Task brief
From the listing below, reproduce exactly the lines starting with the one with "Donuts Hefengebäck mit Zimt-Zucker" and going on through the one with "Sissel Haugnes kasserer", both ends kept. No picture is copied.

Data records
-=-=-
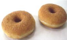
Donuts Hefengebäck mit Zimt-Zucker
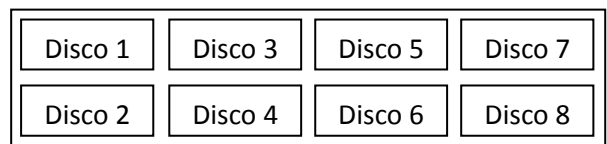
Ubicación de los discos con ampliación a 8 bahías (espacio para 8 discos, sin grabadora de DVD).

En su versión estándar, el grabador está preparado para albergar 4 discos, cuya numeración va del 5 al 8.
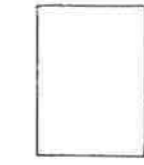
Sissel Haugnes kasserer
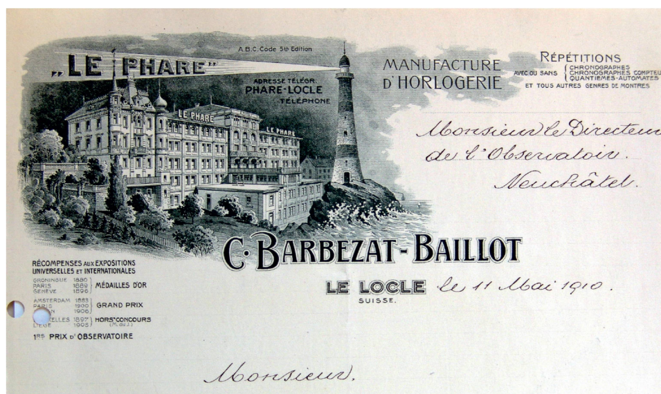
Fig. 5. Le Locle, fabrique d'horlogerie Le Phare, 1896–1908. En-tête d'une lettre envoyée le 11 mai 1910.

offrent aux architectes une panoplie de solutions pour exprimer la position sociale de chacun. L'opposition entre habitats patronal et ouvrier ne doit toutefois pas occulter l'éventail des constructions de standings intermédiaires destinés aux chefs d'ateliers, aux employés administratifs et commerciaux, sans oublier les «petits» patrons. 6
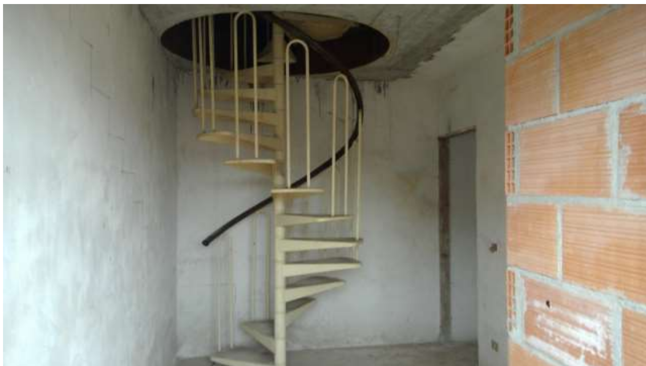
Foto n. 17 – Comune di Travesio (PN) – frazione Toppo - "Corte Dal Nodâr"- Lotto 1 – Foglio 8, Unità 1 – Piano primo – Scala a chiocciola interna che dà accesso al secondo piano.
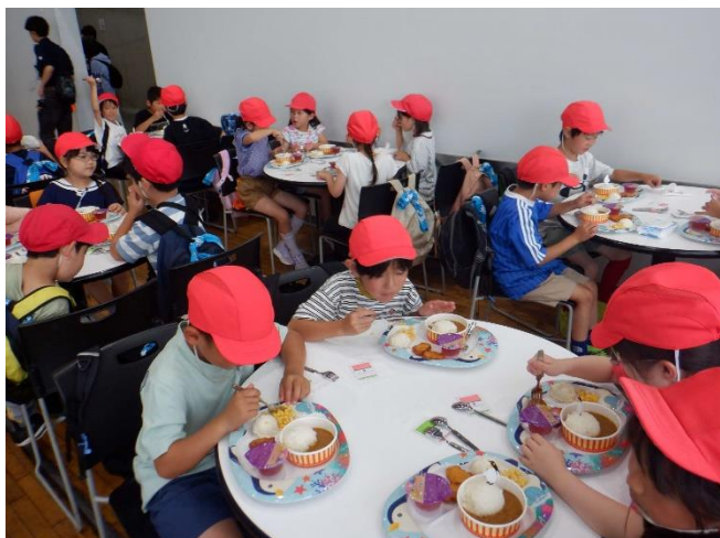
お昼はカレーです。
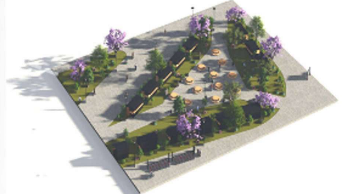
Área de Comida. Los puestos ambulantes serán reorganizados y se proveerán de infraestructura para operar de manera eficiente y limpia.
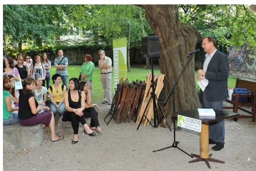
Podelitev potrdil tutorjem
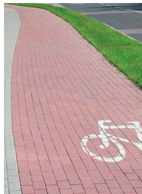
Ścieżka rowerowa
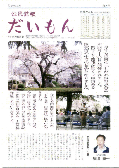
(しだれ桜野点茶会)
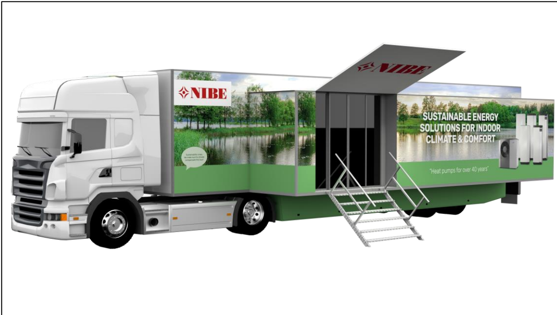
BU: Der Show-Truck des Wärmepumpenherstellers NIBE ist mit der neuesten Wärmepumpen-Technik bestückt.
-=-=-
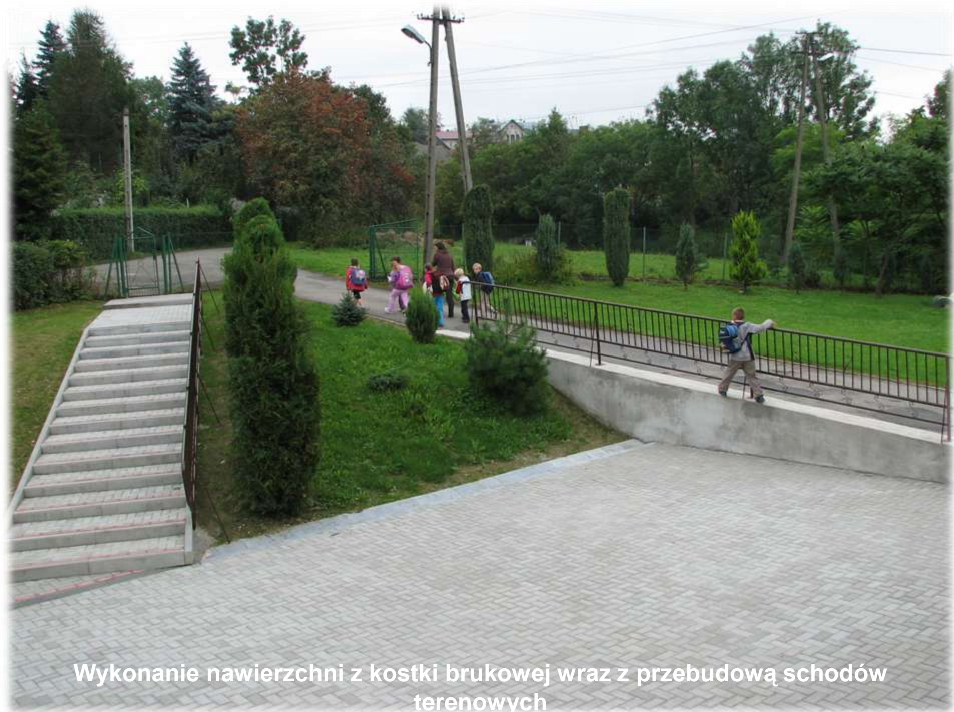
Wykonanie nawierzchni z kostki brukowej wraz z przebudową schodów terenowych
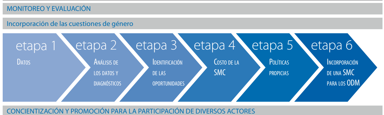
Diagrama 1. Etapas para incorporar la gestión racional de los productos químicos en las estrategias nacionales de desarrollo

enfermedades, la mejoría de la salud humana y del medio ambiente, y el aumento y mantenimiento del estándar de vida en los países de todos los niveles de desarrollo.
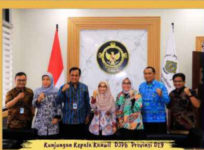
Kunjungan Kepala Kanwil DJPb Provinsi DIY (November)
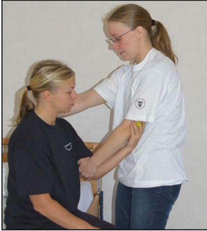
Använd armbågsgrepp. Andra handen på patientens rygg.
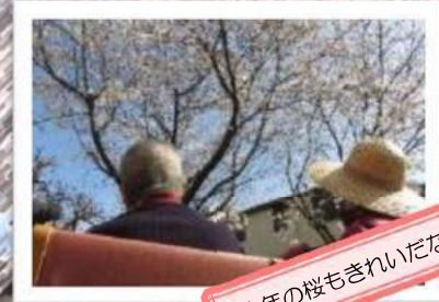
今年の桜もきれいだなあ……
-=-=-
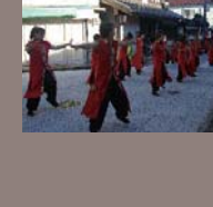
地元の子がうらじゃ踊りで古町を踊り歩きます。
-=-=-
Completed task
Donuts Hefengebäck mit Zimt-Zucker
Ubicación de los discos con ampliación a 8 bahías (espacio para 8 discos, sin grabadora de DVD).

En su versión estándar, el grabador está preparado para albergar 4 discos, cuya numeración va del 5 al 8.
Sissel Haugnes kasserer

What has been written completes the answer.